On Tuesday, most of the nation's political elite -- from Vice President Mike Pence to House Speaker Paul Ryan -- will file into the House chamber to hear President Trump outline his national agenda. But a single member of the administration definitely will not be watching in person.
During big presidential addresses, the administration isolates one particular cabinet-level official in an undisclosed location. That person requires handle if a disaster were to wipe out all those in the presidential line of succession.
Ordinarily selected by the president's chief-of-staff, the identity of the so-named "designated survivor" is kept secret until shortly just before the event.
If the president dies or is removed from workplace, he's succeeded by the vice president, followed by the speaker of the House and the president pro tempore of the Senate, presently Utah Republican Orrin Hatch. According to the Presidential Succession Act of 1947, the president pro tempore is followed, in order, by the secretaries of state, treasury, and defense, the lawyer common, and the secretaries of the interior, agriculture, commerce, labor, well being and human solutions, housing and urban development, transportation, power, education, veterans affairs and homeland security.
According to historians, the practice dates back to the 1960s, when the nation, rocked by the Cold War, started fearing a nuclear attack. It was not till the 1980s, even so, that the survivors' identities became matter of public record.
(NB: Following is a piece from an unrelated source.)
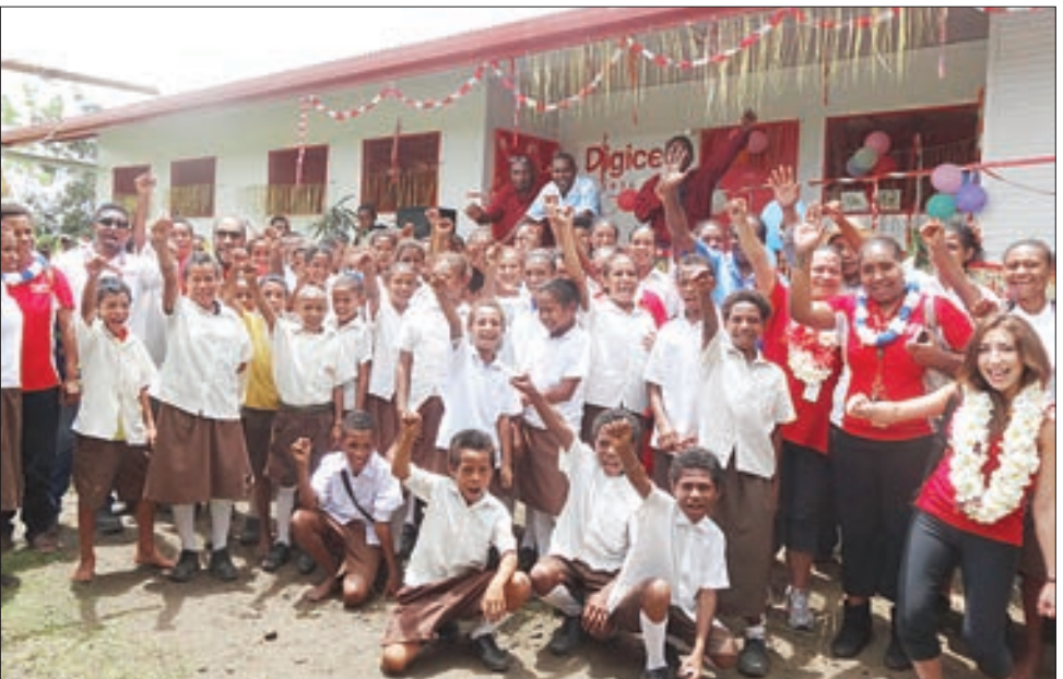
Sivitatana sumatin wantaim Digicel Faundesen tim

Dispela sik bilong bel em i no stap ples klia tumas tasol em i save kilim planti lain long PNG.

Prior to the attacks on the Twin Towers on Sept. 11, the designated survivor had a fairly relaxed evening. A single survivor recalled spending the evening with his daughter, whilst a further hosted a pizza party in the White Property.
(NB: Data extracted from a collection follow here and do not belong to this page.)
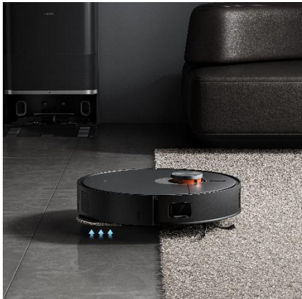
Auto carpet detection & Auto-lifting mop pads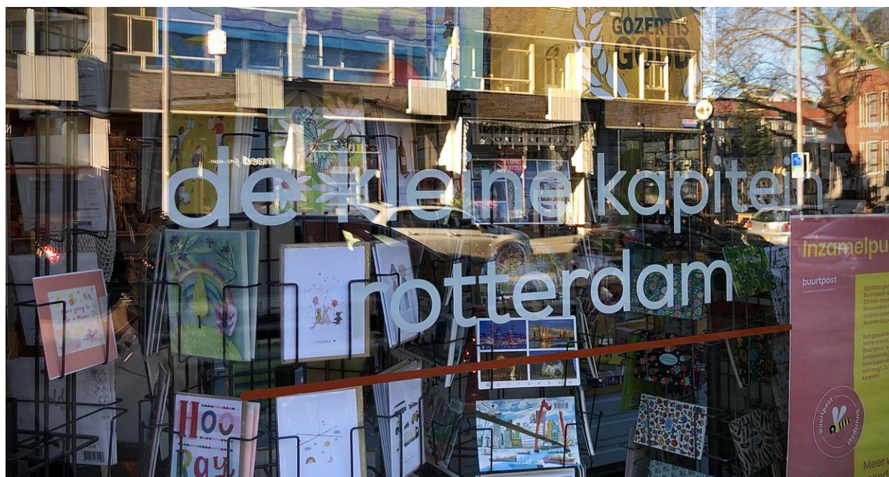
Figure 2. De Kleine Kapitein [The Little Captain], children's bookstore in the Inner City of Rotterdam. (© Maurice Harteveld, 2021).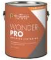
1 GAL. PPG WONDER-PRO EXTERIOR PAINT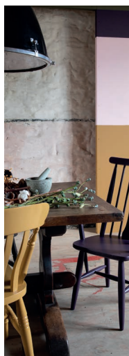
TAILORED TWEED / BERRY INK / SATIN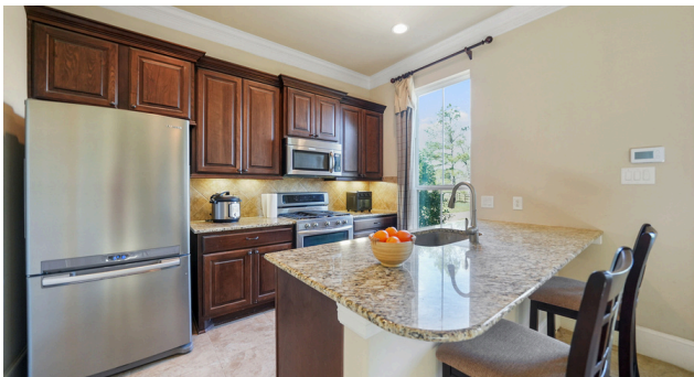
SECONDARY FULL KITCHEN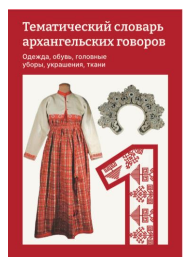
Fig. 1. First edition.

"Traditional northern dishes and drinks and methods of their cooking" (Fig. 3) were published in 2024 [4; 5].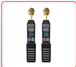
WIRELESS PRESSURE PROBE SET

But post-9/11, safety was beefed up: the designated survivor now undergoes hours of briefings and even practices disaster scenarios. Shortly ahead of the president's speech, the designated survivor is whisked out of the nation's capital, accompanied by presidential-level safety and a military aide carrying the "football," a briefcase that houses the nuclear launch codes.
For the duration of President Trump's inauguration in January, then-President Obama's secretary of homeland security, Jeh Johnson, served as the designated survivor.